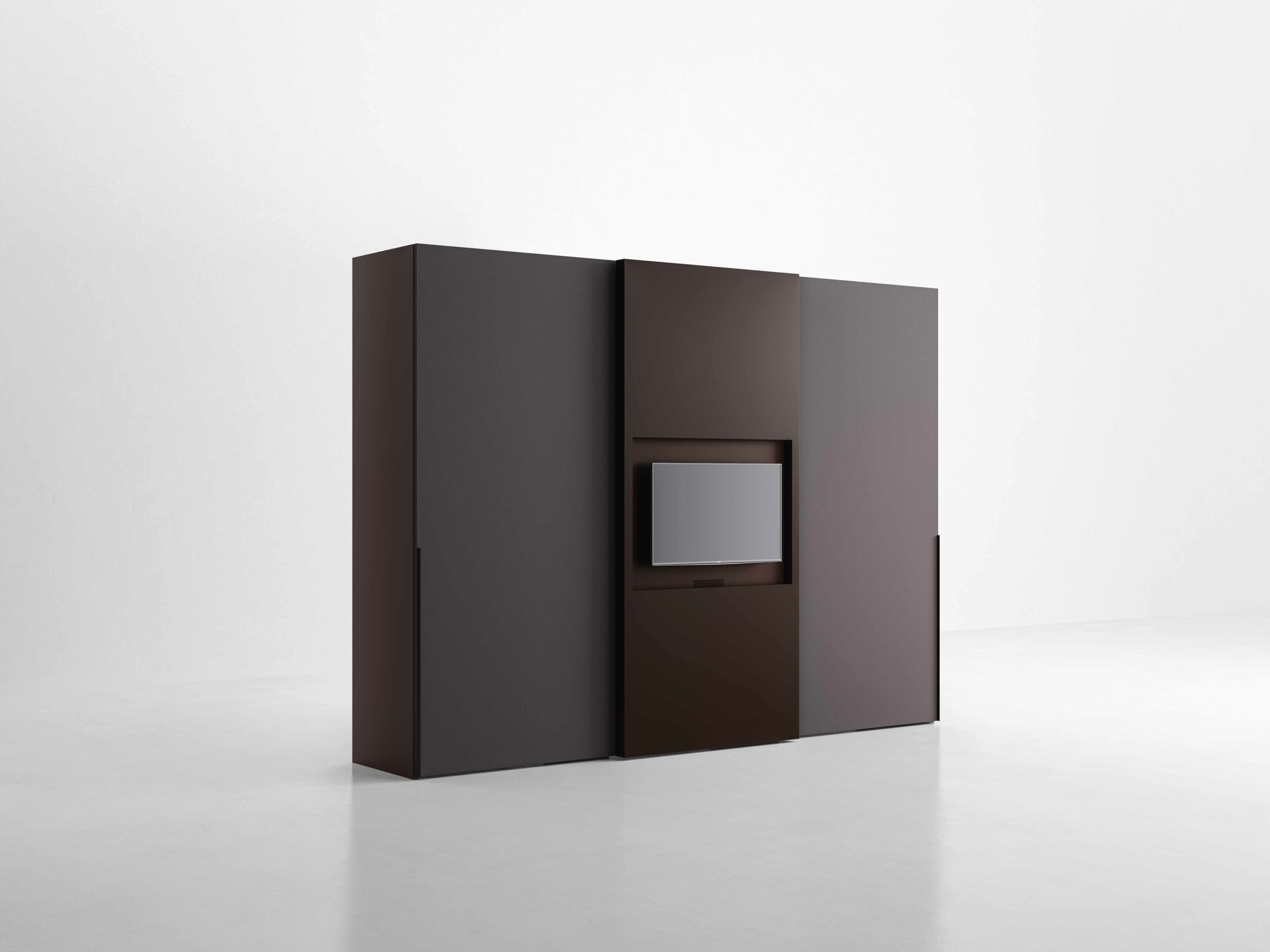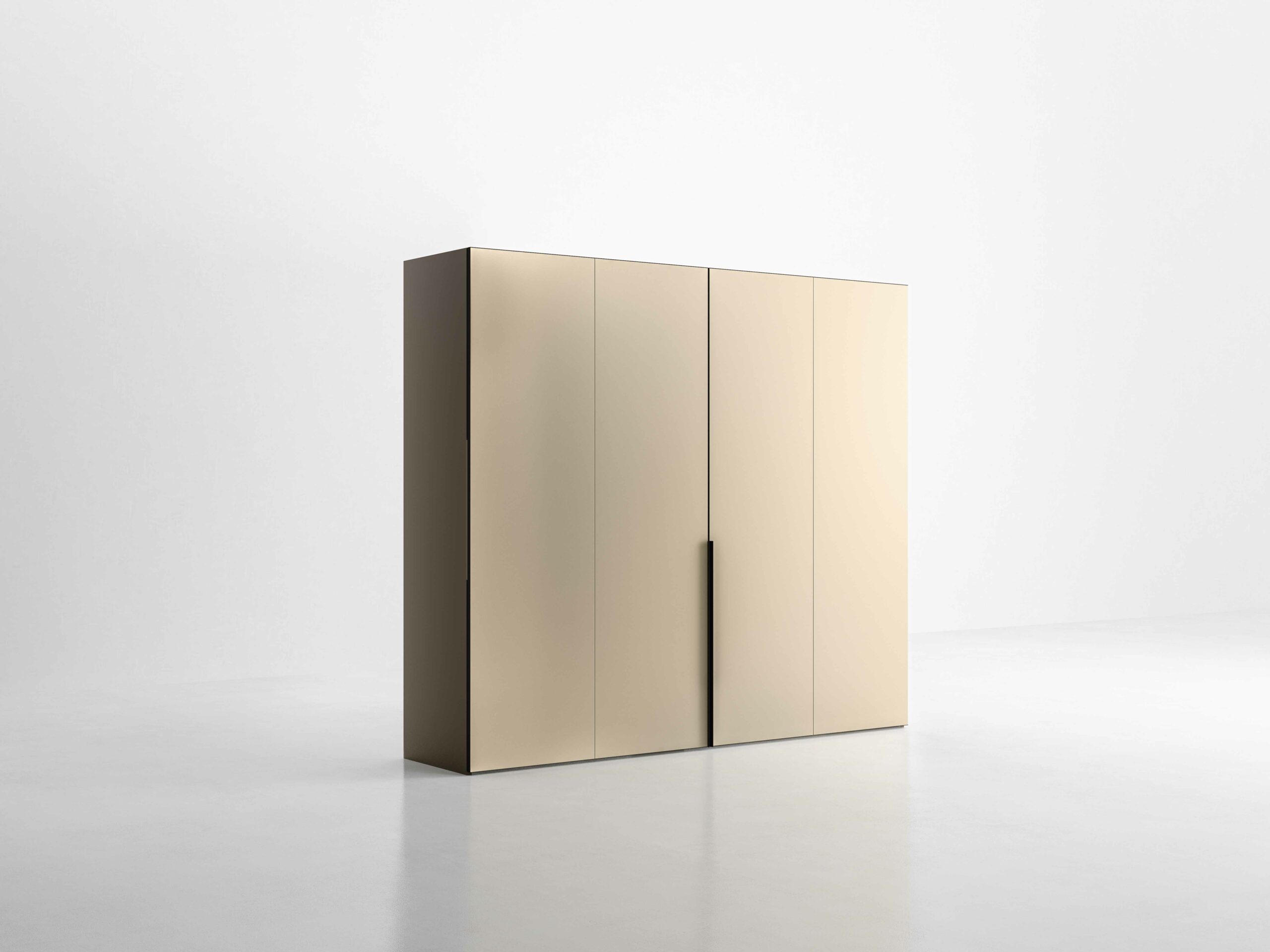 Tämä italialainen design liukuovikaappi sopii moderniin makuuhuoneeseen tai vaatehuoneeseen, jossa arvostetaan selkeitä linjoja ja rauhallista ilmettä.
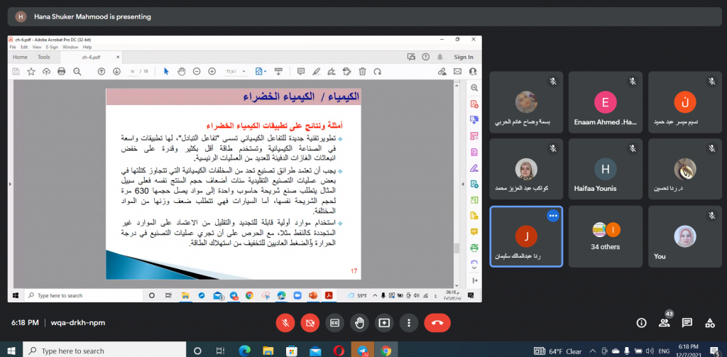 كلية التربية للبنات تقيم دورة عن الكيمياء الخضراء و معالجة النفايات
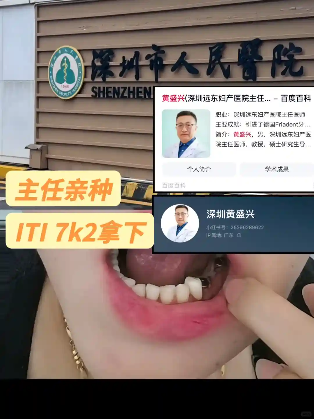 位置在罗湖这边,黄盛兴主任亲自操作执行手术,iti费用7.2k,体验感良好!种牙找对医生是关键~
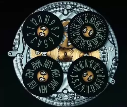 机芯经过特别设计,即使不需指针也可显示时间–在齿轮组的带动下,四个盘片分别显示时、分、日期、和星期,因此表盘中心可以置入面具,让工匠充分发挥创意。

--- Aim of the exercise ---
Return exactly the lines of the data, beginning with the first and ending with the line containing "位置在罗湖这边,黄盛兴主任亲". Skip the pictures.

--- Written answer ---
 Tämä italialainen design liukuovikaappi sopii moderniin makuuhuoneeseen tai vaatehuoneeseen, jossa arvostetaan selkeitä linjoja ja rauhallista ilmettä.
 كلية التربية للبنات تقيم دورة عن الكيمياء الخضراء و معالجة النفايات
 位置在罗湖这边,黄盛兴主任亲自操作执行手术,iti费用7.2k,体验感良好!种牙找对医生是关键~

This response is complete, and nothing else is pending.